EEN verhouding is een soort wiskundige metafoor, een analogie die wordt gebruikt om verschillende hoeveelheden van dezelfde maat te vergelijken. Je zou bijna elk type meting als een verhouding kunnen beschouwen, aangezien elke meting in de wereld een soort referentiepunt moet hebben. Dit feit alleen al maakt het meten door ratio een van de meest elementaire van alle vormen van kwantificering.
Maateenheden
Een verhouding vergelijkt twee dingen in dezelfde maateenheid. Het maakt niet uit wat die maateenheid is -- ponden, kubieke centimeters, gallons, newtonmeters -- het maakt alleen uit dat de twee in dezelfde eenheden worden gemeten. U kunt bijvoorbeeld 1 deel brandstof niet vergelijken met 14 delen lucht als u brandstof meet in ponden en lucht in kubieke voet.
Manieren van expressie
U kunt een verhouding in verhalende vorm of in symbolische wiskundige notatie uitdrukken.
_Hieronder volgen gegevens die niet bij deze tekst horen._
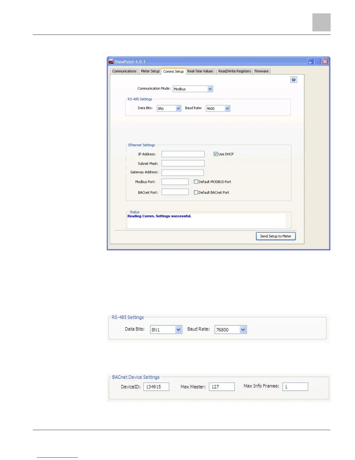 Change the Data Bits or Baud Rate on the meter by using these fields.
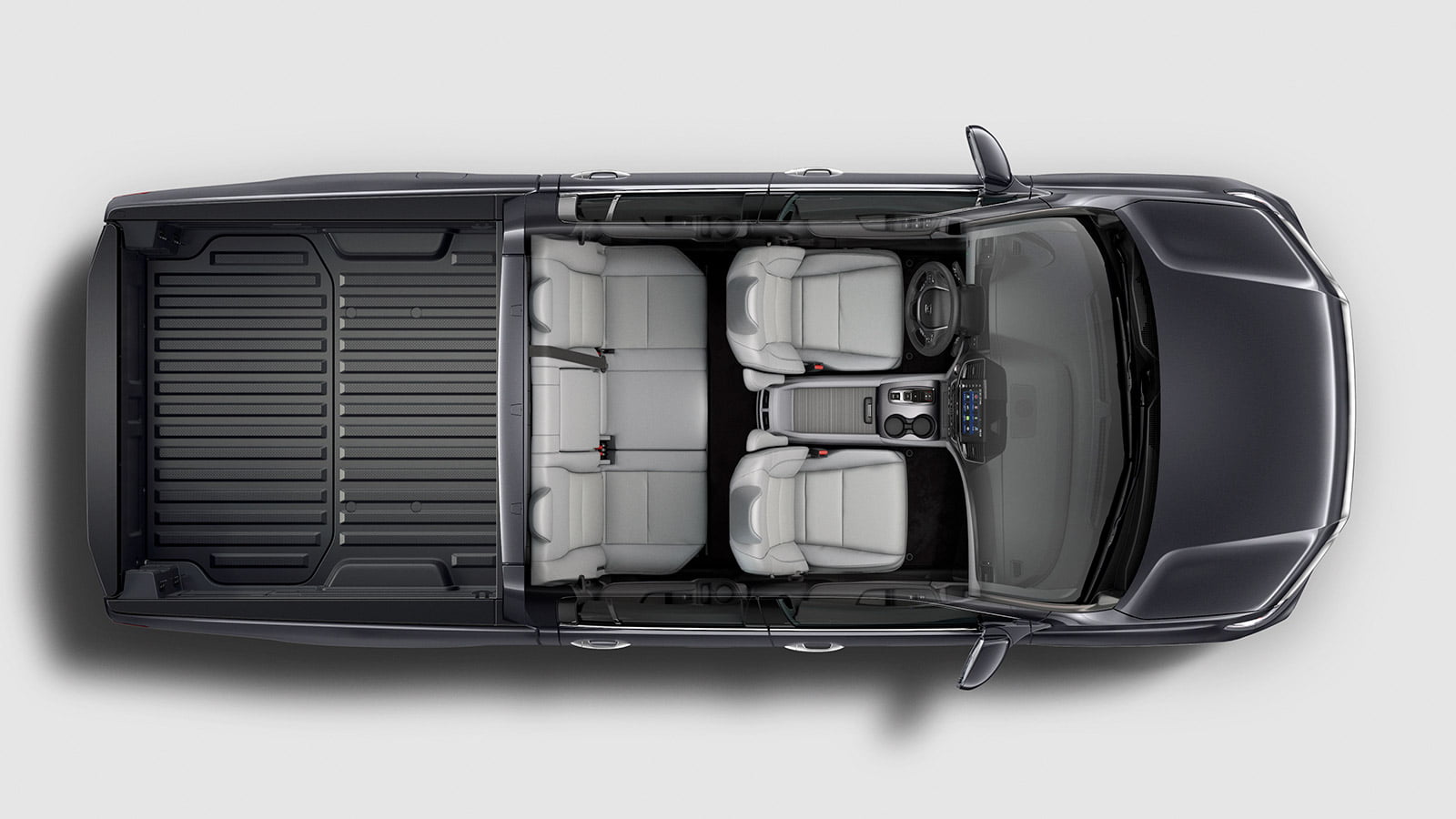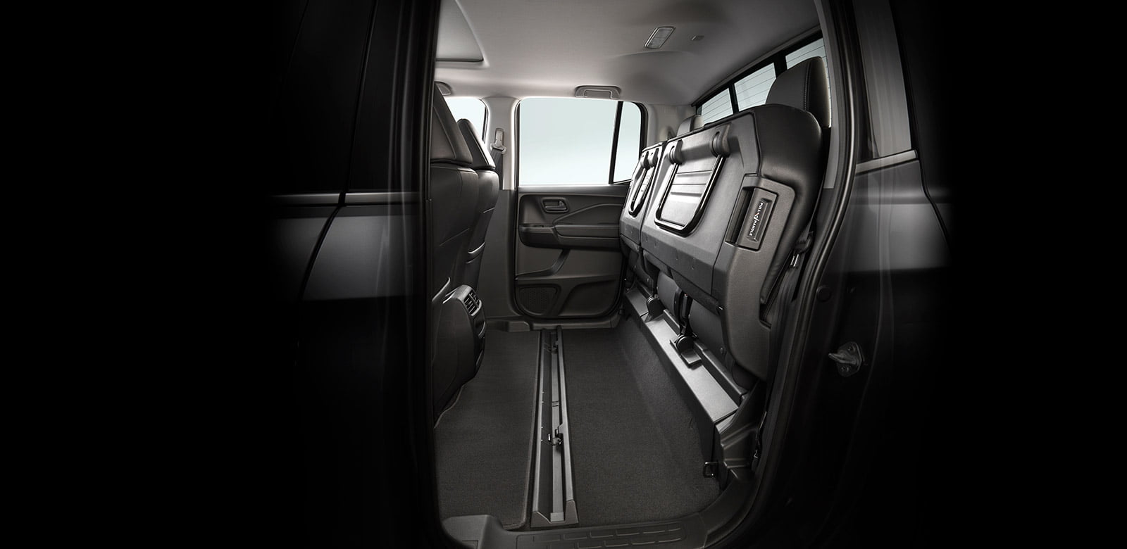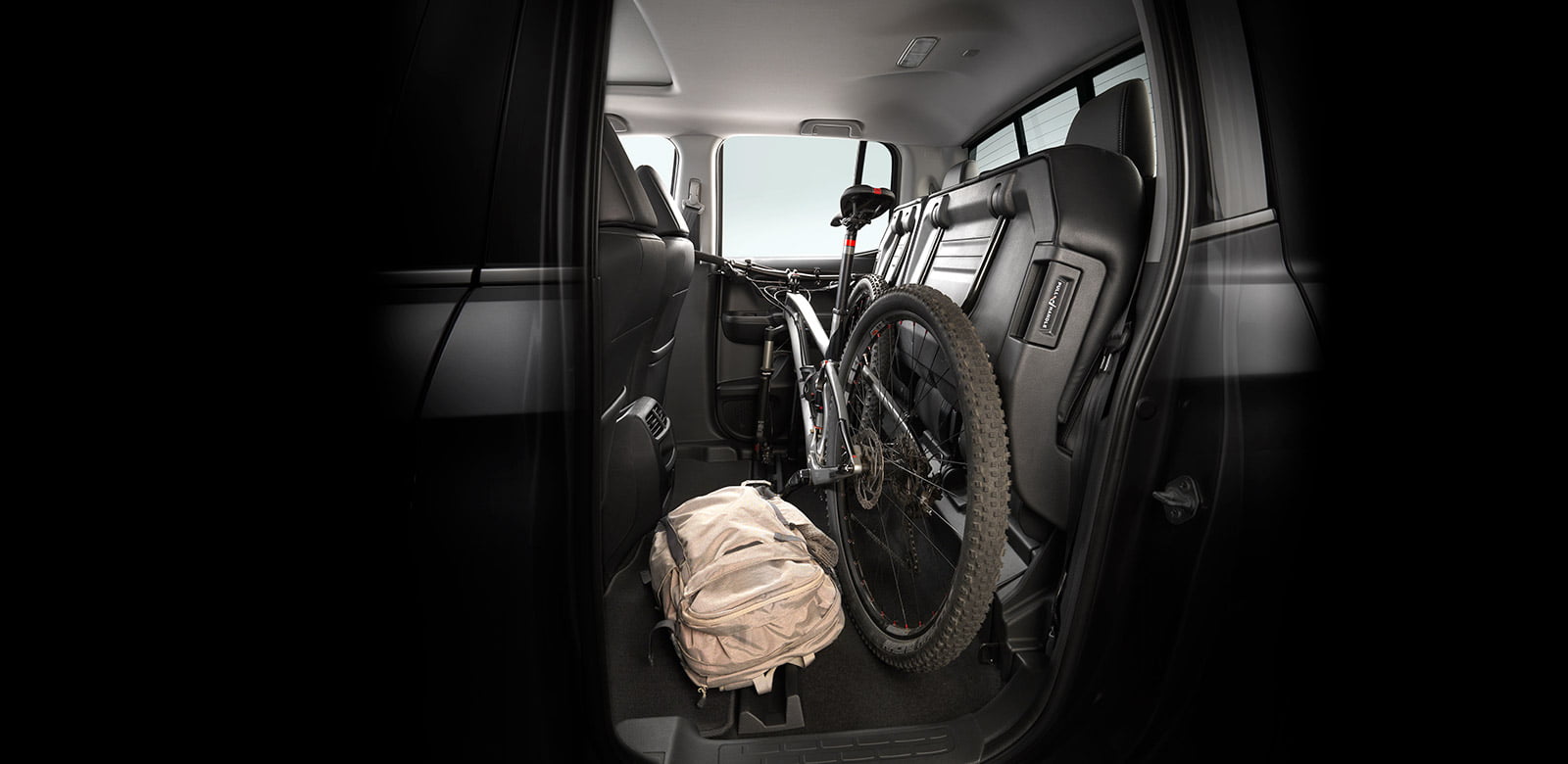 A primeira vista, aliás, a Ridgeline parece mais com a futura picape Maverick, da Ford. Por dentro, um cockpit que se assemelha aos veículos da marca já vendidos por aqui. Na fileira de bancos traseiros uma solução interessante: o assento levanta e é possível carregar ali mais equipamentos, como uma bicicleta. Veja abaixo:
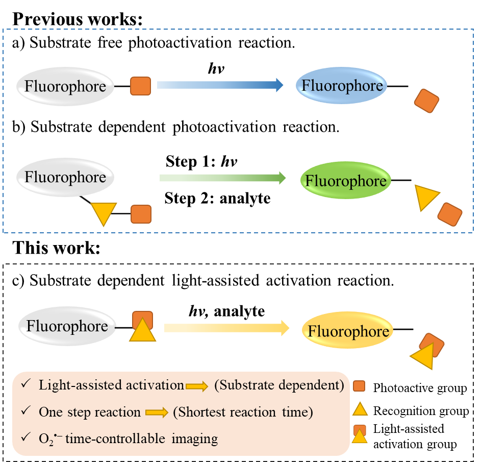光激活荧光探针是监测亚细胞结构的有力工具。然而,由于反应时间长和特异性差等缺点,它们在生物组织中的应用仍然有限。因此,急需设计出一种响应快速、生物组织伤害低且具有识别底物的光激活探针用于生物组织的定时可控成像。

Je kunt de verhouding uitdrukken als "de verhouding van A tot B", "A is tot B", "A: B" of het quotiënt van A gedeeld door B. U kunt bijvoorbeeld een verhouding van 1 tot 4 uitdrukken als 1:4 of 0,25 (1 gedeeld door 4).
Gelijkheid van Verhoudingen
U kunt verhoudingen gebruiken als directe analogieën om het ene ding met het andere te vergelijken, door het te noteren met een "="-teken of verbaal. U kunt bijvoorbeeld zeggen "A is tot B zoals C is tot D", of u kunt zeggen: "A: B = C: D." In dit geval zijn A en D de "extremen" en B en C worden de "middelen" genoemd. U kunt bijvoorbeeld zeggen: "1 is tot 4 zoals 3 is tot 12", of u kunt zeggen "1:4 = 3:12."
Verhoudingen als breuken
In de praktijk werken verhoudingen ongeveer als breuken. Je kunt de dubbele punt vervangen door een deelteken en toch op hetzelfde resultaat uitkomen. Net als in het vorige voorbeeld komen 1/4 (1 gedeeld door 4) en 3/12 (3 gedeeld door 12) beide uit op 0,25. Dit komt overeen met de laatste manier van uitdrukken. Dus elke verhouding kan worden uitgedrukt als A gedeeld door B.
Vervolg verhoudingen
Elke reeks van drie of meer verhoudingen kan aan elkaar rijgen om een doorlopende of seriële verhouding te creëren. Als voorbeeld: "1 is tot 4 als 3 is tot 12 als 4 is tot 16" en "1:4 = 3:12 = 4:16" zijn beide doorlopende verhoudingen. Als je ze uitdrukt als decimale cijfers (door het eerste getal te delen door het tweede in elke verhouding), zie je inderdaad dat 0,25 = 0,25 = 0,25.